Fiscal Impact Analysis (20)
Description:
During or after passage, bills generally undergo some form of fiscal impact analysis to estimate the costs and revenues associated with implementing a given piece of legislation. Thus, this building block requires using data from the Economic Forecasts and Revenue Modeling building block tools to effectively determine the potential costs and revenues for the bill(s) as currently written or passed.
In any fiscal impact analysis, there may be multiple implementation paths, depending on the specificity of a given bill’s language. For the initial fiscal impact analysis, analyze a small number of logical implementation paths and revisit as final implementation decisions are made.
Details:
To complete this task, financial modelers should update and rerun modeling tools based on the language of the bill as currently formed or passed, which will come from the Analyze Bill Language and Testimony building block. The initial run may need to be done to meet legislative requirements for a bill’s fiscal note before the bill is passed. The bill most likely will not specify everything needed for the analysis. Therefore, modelers need to make logical choices based on any preceding RUC studies in the state. As implementation decisions are made, the fiscal impact analysis may be rerun to determine impacts of the latest decisions.
Primary Use:
Determine financial impacts of each bill so the state budget and other impacted items can be correctly updated.
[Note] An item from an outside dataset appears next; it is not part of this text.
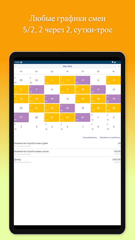 کے پرانے ورژن Timesheet: Рабочий график смен

Best Practices/Lessons Learned:
- Record all modeling assumptions in detail. Any analysis will require a range of assumptions beyond what is included in the bill(s), and the qualitative (how the model is structured) and the quantitative (how model parameters are set) assumptions should be recorded.
- Use the most recent forecasts available. The more current the numbers, the more accurate the analysis will be.
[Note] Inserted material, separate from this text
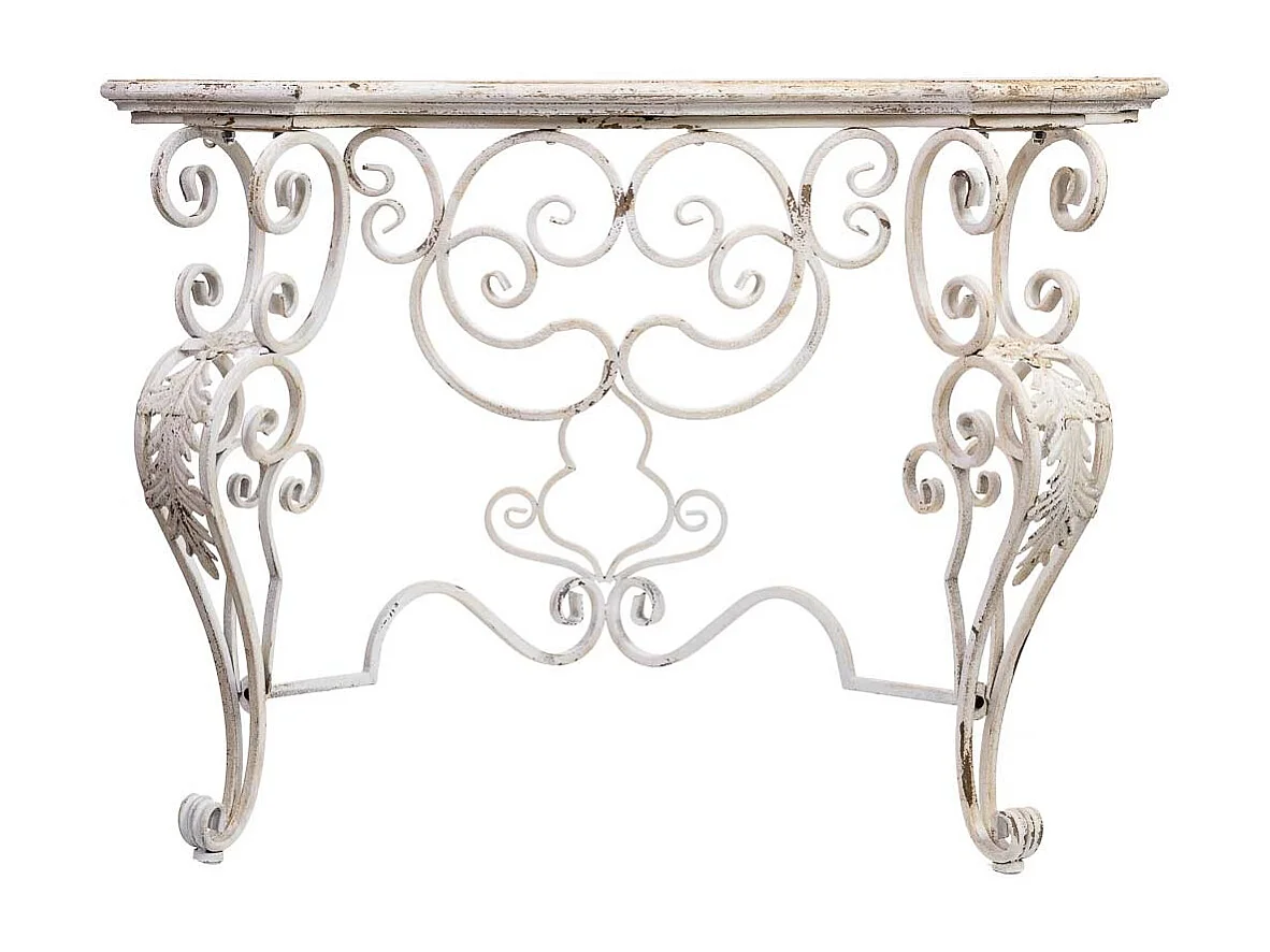 Corredor em madeira e metal com acabamento branco envelhecido.

- Keep updating the fiscal impacts analysis as program decisions are made. The closer the assumptions are to the system that is actually implemented, the more accurate the analysis will be.
- Ensure the financial model is user-friendly and well-documented because others will need to review it and it might change hands at some point.
- If interstate commercial vehicles are included in the RUC system and a refund of fuel taxes is planned, be sure to include only refunds from fuel tax purchases in your state. International Fuel Tax Agreement member jurisdictions cannot refund fuel taxes paid to other states. Interconnectivity between states would change this dynamic.
State Government Context and Assumptions:
Financial modelers, under the direction of the lead RUC agency, do this task. It may need to be done as a formal part of the legislative process; if not, it may be done soon after the bill is signed into law.